A rompere gli equilibri l’avvento di Mario Occhiuto, che non era disposto a spartire il malloppo con tutti, tranne che con Nicola e Enza. Con i quali faceva già affari da tempo. La paranza si divide e gli amici diventano di colpo nemici. Camuffata da lotta politica, Enza e Nicola danno vita ad una vera e propria faida all’interno del Pd. Guccione viene allontanato e forma la sua paranza arruolando un piccolo esercito di mercenari pronti a tradirlo al primo accenno di sconfitta, e così è stato. Palla Palla si arrocca a difesa del suo castello, forte anche della sua candidatura a governatore della Calabria. Ha bisogno di Nicola e Enza per raggiungere l’obiettivo, anche se gli attriti sono evidenti e giornalieri. C’è sempre tempo per schierarsi. Il renzismo avanza e il lanciafiamme annunciato potrebbe risolvere il problema. Ma è l’innesto di Ferdinando Aiello, saggiamente pilotato da Nicola, nel cerchio magico di Renzi a rendere vana ogni promessa di bruciare, con il lanciafiamme, il passato. Enza e Nicola sono salvi. Non saranno rottamati. E la rottura tra Palla Palla, abbandonato al suo destino, e Nicola, diventa insanabile. Ferdinando si schiera con Nicola, anche se mantiene una parvenza di distacco, pure Iacucci molla il suo vecchio boss e costruisce una alleanza con Bevacqua disposto, com’è suo costume, pur di mantenere i suoi privilegi e affari, a servire un nuovo padrone. Nel mentre le inchieste della Dda espongono la vecchia triade, Nicola, Enza e Mario Oliverio, al giudizio dell’opinione pubblica.

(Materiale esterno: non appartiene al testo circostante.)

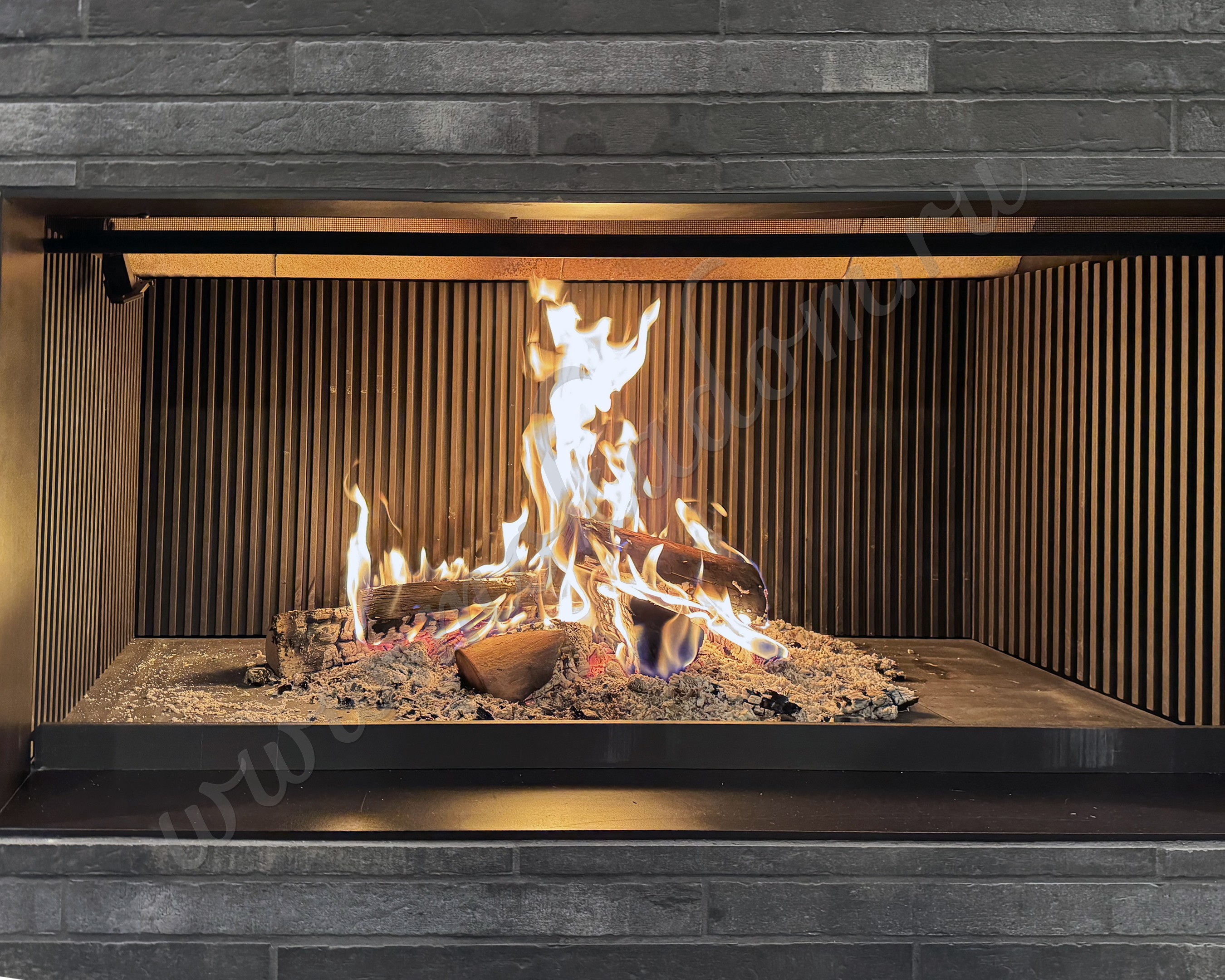 Этот красавец оснащен удобным подъемным искрозащитным экраном, чтобы наслаждаться пламенем в безопасности.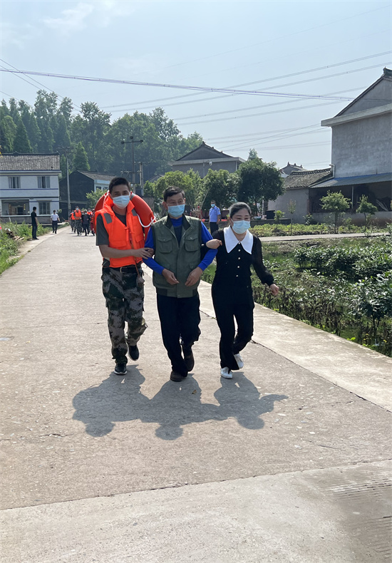 演练复盘再现2021年8月19日,余坪镇局部出现短时强降雨,导致水位激增、房屋进水,严重威胁群众生命财产安全,紧急撤离群众的过程。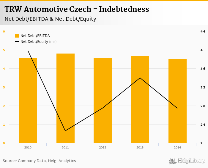 TRW Automotive Czech's net debt stood at CZK 7,872 mil and accounted for 2.74 of equity at the end of 2014. The ratio is down 0.654 pp compared to the previous year.

Mario Oliverio, candidato in solitaria alle regionali, viene allontanato dal Pd, sorte diversa per Enza e Nicola che anche questa volta riescono a farla franca. Enza rimedia addirittura una candidatura alle politiche insieme a Ferdinando Aiello, ma entrambi non saranno eletti. La parabola politica della paranza primordiale del Pd cosentino sembra giunta alla fine, ma non certo per Nicola che riesce, ancora una volta, grazie alla sua enorme capacità di intrallazzare sottobanco, a mettere a segno un altro colpo. Con la complicità sempre degli Occhiuto riesce a piazzare a palazzo dei Bruzi la sua controfigura Franz Caruso. E in tempi di lucrosi appalti, Agenda Urbana, Pnrr, Cis, è un colpo che vale più di uno scranno in parlamento.

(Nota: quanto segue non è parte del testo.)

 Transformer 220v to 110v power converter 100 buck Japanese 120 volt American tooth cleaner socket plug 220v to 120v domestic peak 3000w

Più che la storia della classe dirigente locale di un partito, sembra il copione di una fiction di mafia, dove all’inizio sono tutti amici e compari, e poi, per mere questioni i denaro, iniziano a scannarsi tra di loro. E se ci fate caso i nomi dei protagonisti delle faide nel Pd, così come avviene nei racconti delle guerre tra clan, da quasi 30 anni, sono sempre gli stessi. Cambiano le combinazioni delle paranze, che il Pd si ostina a chiamare correnti, ma i nomi delle “famiglie” coinvolte, come da tradizione mafiosa, sono sempre gli stessi. Così come gli stessi sono i motivi delle faide: la conquista del potere. Potere che Nicola, veterano di tante guerra tra paranze politiche tutte vinte, detiene saldamente a tal punto che non ha più neanche bisogno delle elezioni per conquistarlo. Se vince o perde il risultato è sempre lo stesso. A Cosenza non si muove foglia che Nicola non voglia. Ecco perché non gli servono le masse e la democrazia. Tanto per fare quello che da sempre fanno, bastano lui e Enza.